> [Given information]
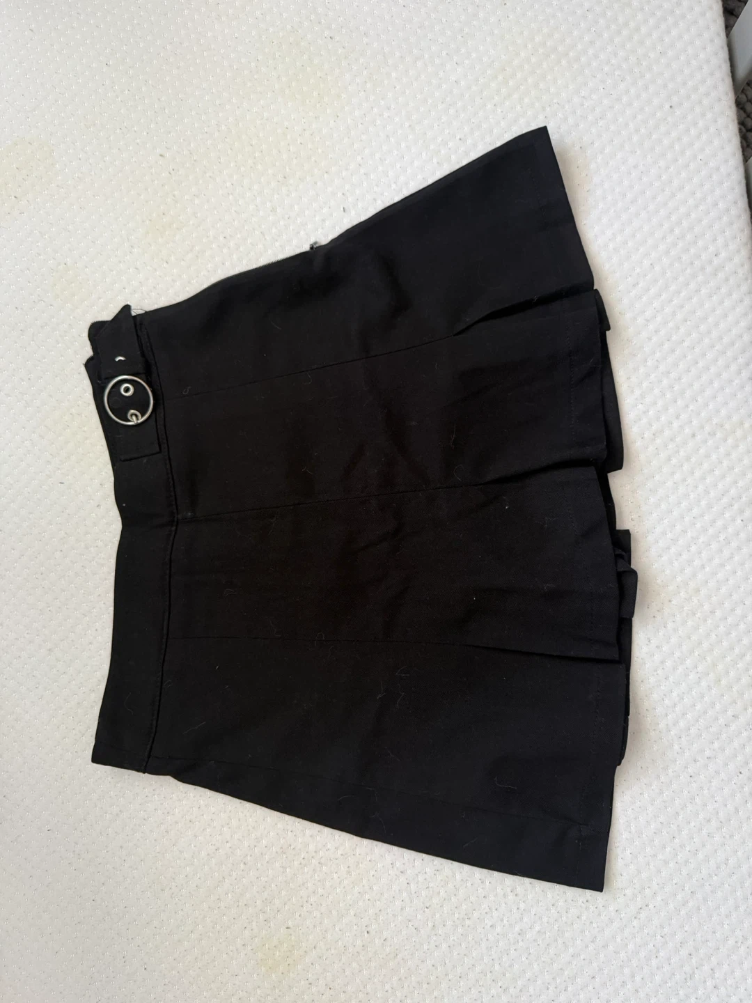 This black pleated mini skirt is from Bershka. It features a side zipper and a decorative buckle at the waist. Made in Turkey. Size US 26 / MEX 26 / EUR S.
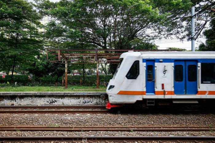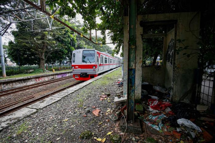 IDXChannel - Kereta rel listrik (KRL) Commuterline melintas di Stasiun Mampang yang sudah tidak beroperasi, di kawasan Menteng, Jakarta, Rabu (15/4/2026).
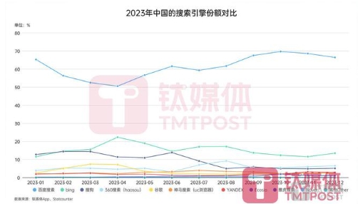 據Statcounter最新數據顯示,截至2023年12月,百度在中國的搜索引擎市場份額為66.52%,排名第一;必應國內版份額為13.32%,360搜索排名第三,份額為6.43%,超越了騰訊的搜狗5.01%的搜索份額。
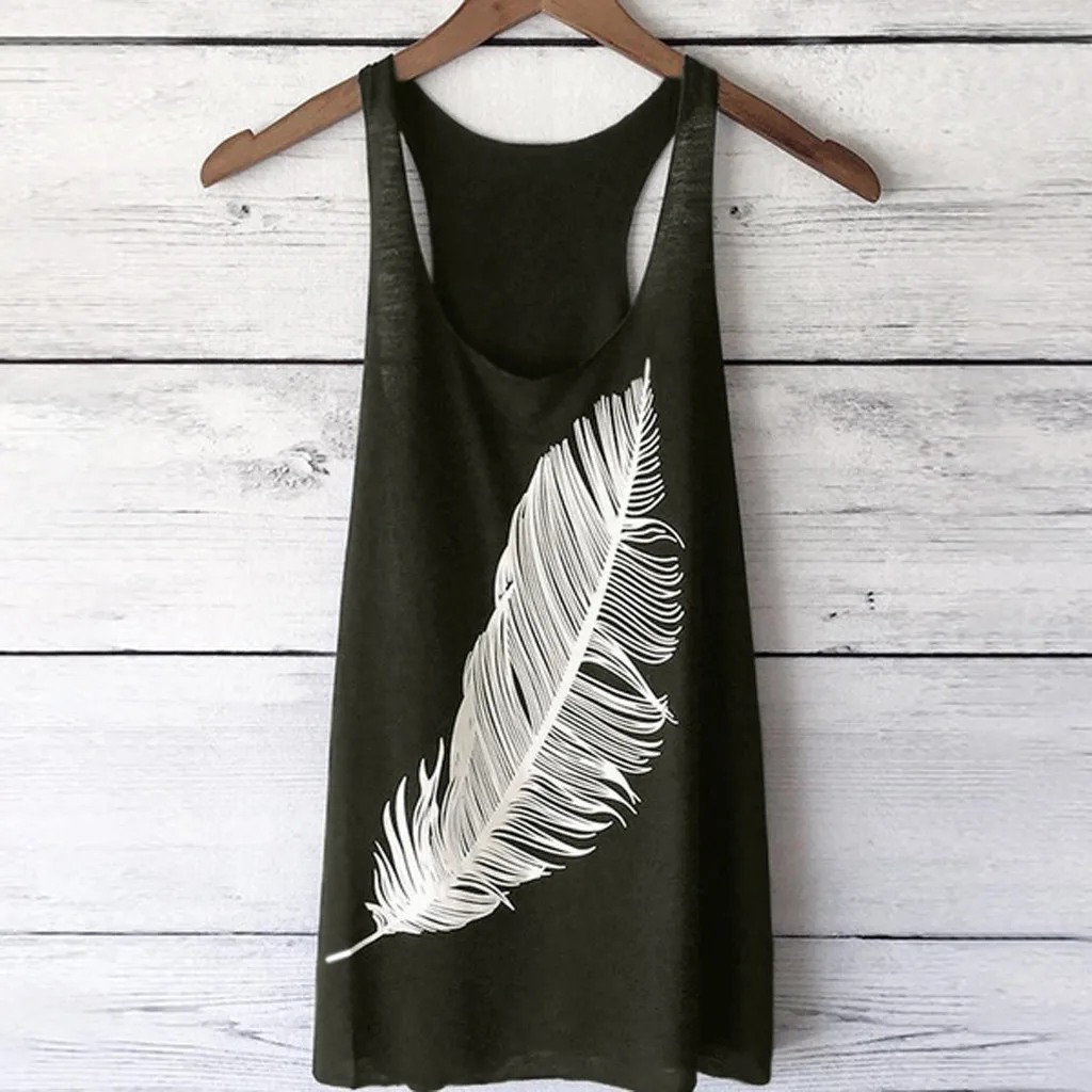 Женский летний длинный жилет с принтом из перьев, Модный женский топ

> [What you should do]
Using the listing above, copy every line from the line containing "IDXChannel - Kereta" through the last one, both included, and no other lines. Pictures stay out.

> [Reply]
 IDXChannel - Kereta rel listrik (KRL) Commuterline melintas di Stasiun Mampang yang sudah tidak beroperasi, di kawasan Menteng, Jakarta, Rabu (15/4/2026).
 據Statcounter最新數據顯示,截至2023年12月,百度在中國的搜索引擎市場份額為66.52%,排名第一;必應國內版份額為13.32%,360搜索排名第三,份額為6.43%,超越了騰訊的搜狗5.01%的搜索份額。
 Женский летний длинный жилет с принтом из перьев, Модный женский топ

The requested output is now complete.